**The task**:
Go through the data below. Pull out every line that has the word "Basadizarreko".

**Data records**:

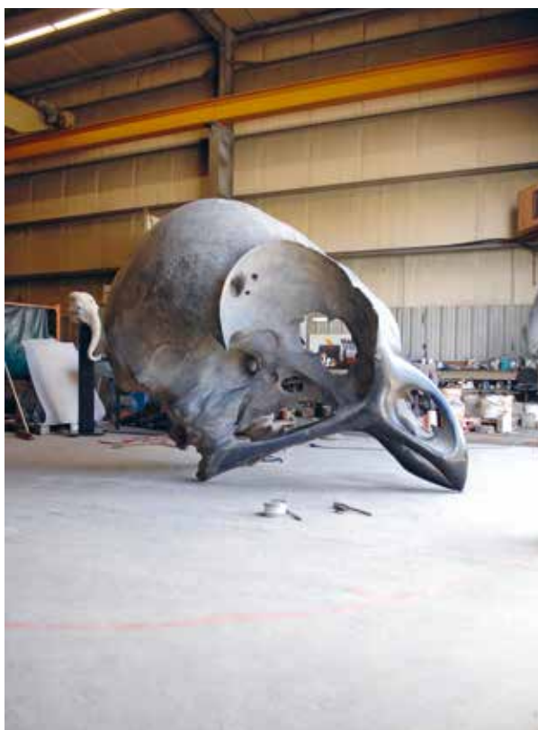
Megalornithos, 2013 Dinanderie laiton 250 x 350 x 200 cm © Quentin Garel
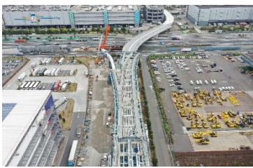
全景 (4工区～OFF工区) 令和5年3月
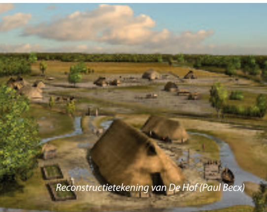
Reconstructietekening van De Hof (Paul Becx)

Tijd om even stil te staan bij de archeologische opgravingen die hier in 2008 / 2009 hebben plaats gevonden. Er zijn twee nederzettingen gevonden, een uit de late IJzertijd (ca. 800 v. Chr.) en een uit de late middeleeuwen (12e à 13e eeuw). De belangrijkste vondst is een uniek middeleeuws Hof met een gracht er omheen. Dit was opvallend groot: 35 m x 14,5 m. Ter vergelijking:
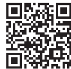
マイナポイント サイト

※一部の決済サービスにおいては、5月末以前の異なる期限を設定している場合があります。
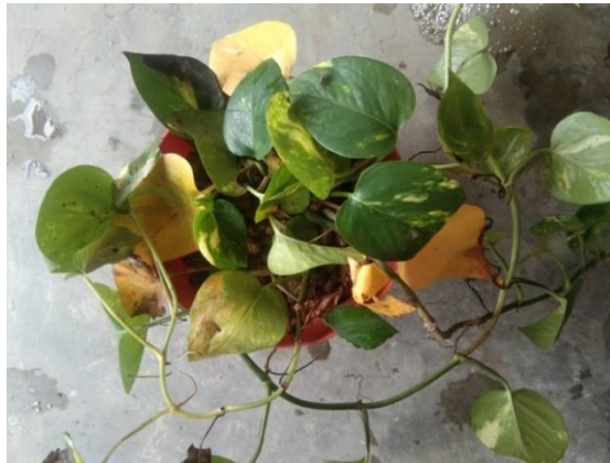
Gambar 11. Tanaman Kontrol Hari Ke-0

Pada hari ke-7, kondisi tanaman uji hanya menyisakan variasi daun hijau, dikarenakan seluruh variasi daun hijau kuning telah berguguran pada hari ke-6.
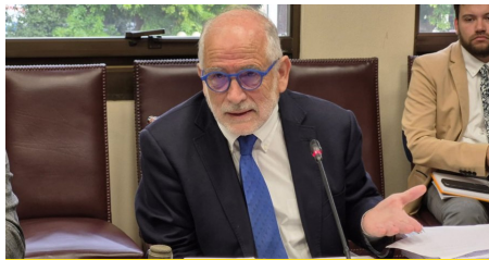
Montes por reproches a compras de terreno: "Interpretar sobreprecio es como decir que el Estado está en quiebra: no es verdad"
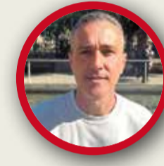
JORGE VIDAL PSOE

---

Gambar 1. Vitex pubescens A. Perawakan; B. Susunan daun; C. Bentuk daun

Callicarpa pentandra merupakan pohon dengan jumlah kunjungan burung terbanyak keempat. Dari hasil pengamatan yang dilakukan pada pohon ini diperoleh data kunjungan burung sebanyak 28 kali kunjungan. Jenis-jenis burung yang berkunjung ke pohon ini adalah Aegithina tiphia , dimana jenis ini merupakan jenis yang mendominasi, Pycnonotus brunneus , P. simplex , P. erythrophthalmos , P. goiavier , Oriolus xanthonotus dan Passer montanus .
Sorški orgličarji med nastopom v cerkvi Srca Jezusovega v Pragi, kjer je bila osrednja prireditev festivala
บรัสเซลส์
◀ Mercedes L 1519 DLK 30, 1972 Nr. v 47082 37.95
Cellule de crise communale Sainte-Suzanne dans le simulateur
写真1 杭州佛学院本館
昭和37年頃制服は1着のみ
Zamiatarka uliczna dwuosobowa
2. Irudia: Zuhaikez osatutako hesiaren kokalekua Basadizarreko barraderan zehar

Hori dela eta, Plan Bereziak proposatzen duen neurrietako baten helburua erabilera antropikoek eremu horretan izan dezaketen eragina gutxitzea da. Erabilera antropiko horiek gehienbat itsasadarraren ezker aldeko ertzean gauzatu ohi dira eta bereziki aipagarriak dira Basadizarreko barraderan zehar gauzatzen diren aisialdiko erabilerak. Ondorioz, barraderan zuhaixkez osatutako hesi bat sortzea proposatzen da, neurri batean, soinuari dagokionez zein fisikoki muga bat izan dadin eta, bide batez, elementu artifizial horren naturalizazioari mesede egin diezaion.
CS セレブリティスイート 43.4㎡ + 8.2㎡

==

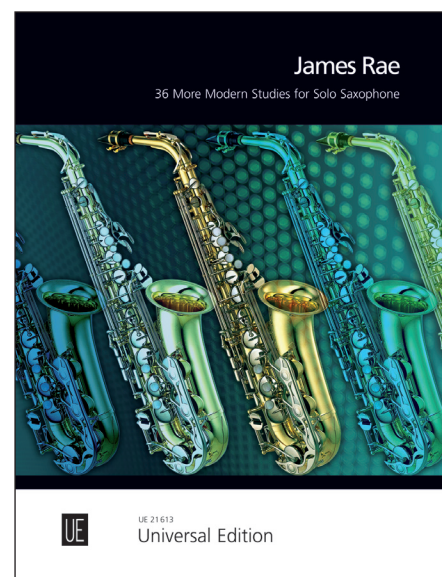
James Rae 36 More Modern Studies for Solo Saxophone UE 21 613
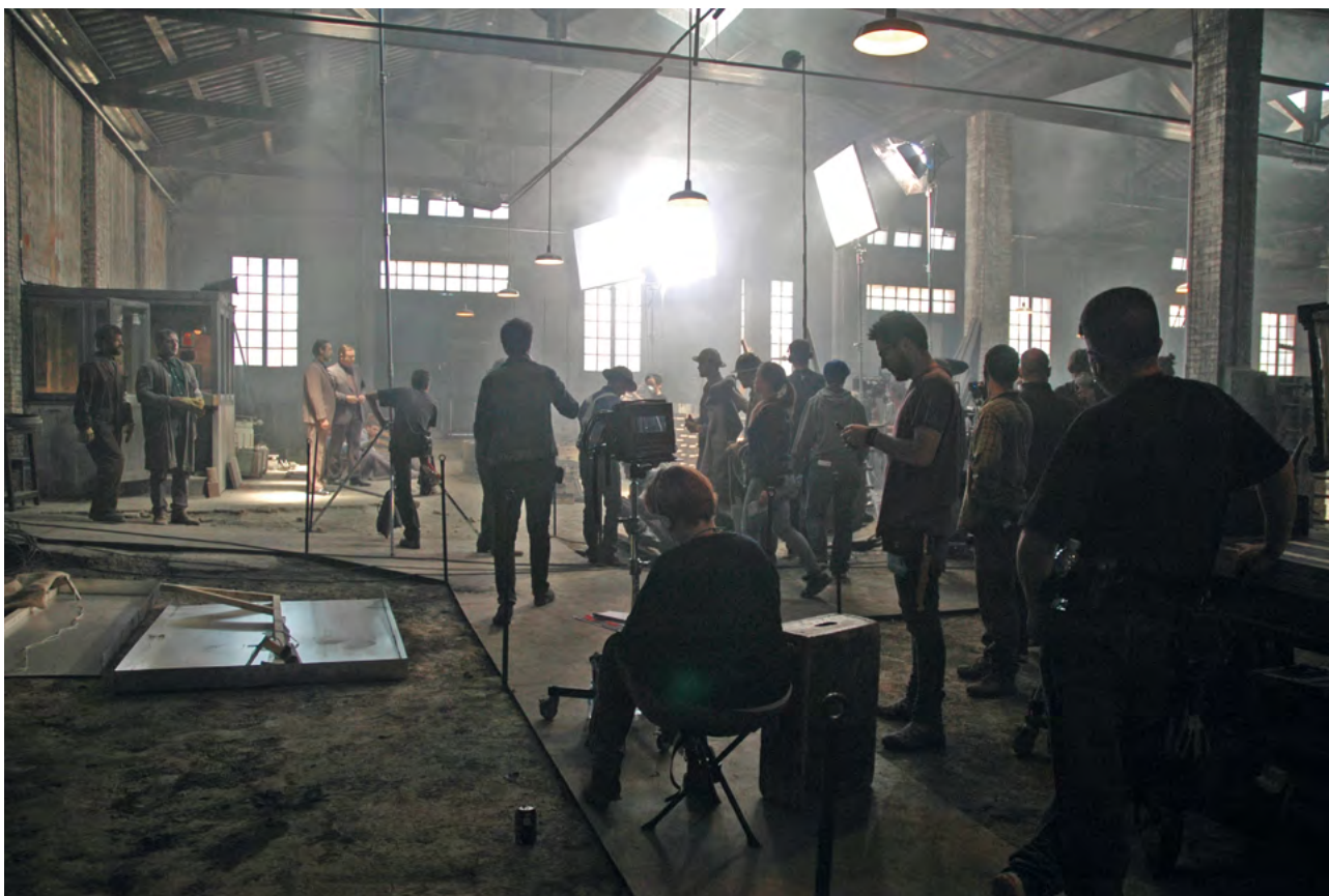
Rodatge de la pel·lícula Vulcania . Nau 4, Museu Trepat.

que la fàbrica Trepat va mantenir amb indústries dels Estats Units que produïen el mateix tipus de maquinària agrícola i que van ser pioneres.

**Solution to the exercise**:
2. Irudia: Zuhaikez osatutako hesiaren kokalekua Basadizarreko barraderan zehar
Hori dela eta, Plan Bereziak proposatzen duen neurrietako baten helburua erabilera antropikoek eremu horretan izan dezaketen eragina gutxitzea da. Erabilera antropiko horiek gehienbat itsasadarraren ezker aldeko ertzean gauzatu ohi dira eta bereziki aipagarriak dira Basadizarreko barraderan zehar gauzatzen diren aisialdiko erabilerak. Ondorioz, barraderan zuhaixkez osatutako hesi bat sortzea proposatzen da, neurri batean, soinuari dagokionez zein fisikoki muga bat izan dadin eta, bide batez, elementu artifizial horren naturalizazioari mesede egin diezaion.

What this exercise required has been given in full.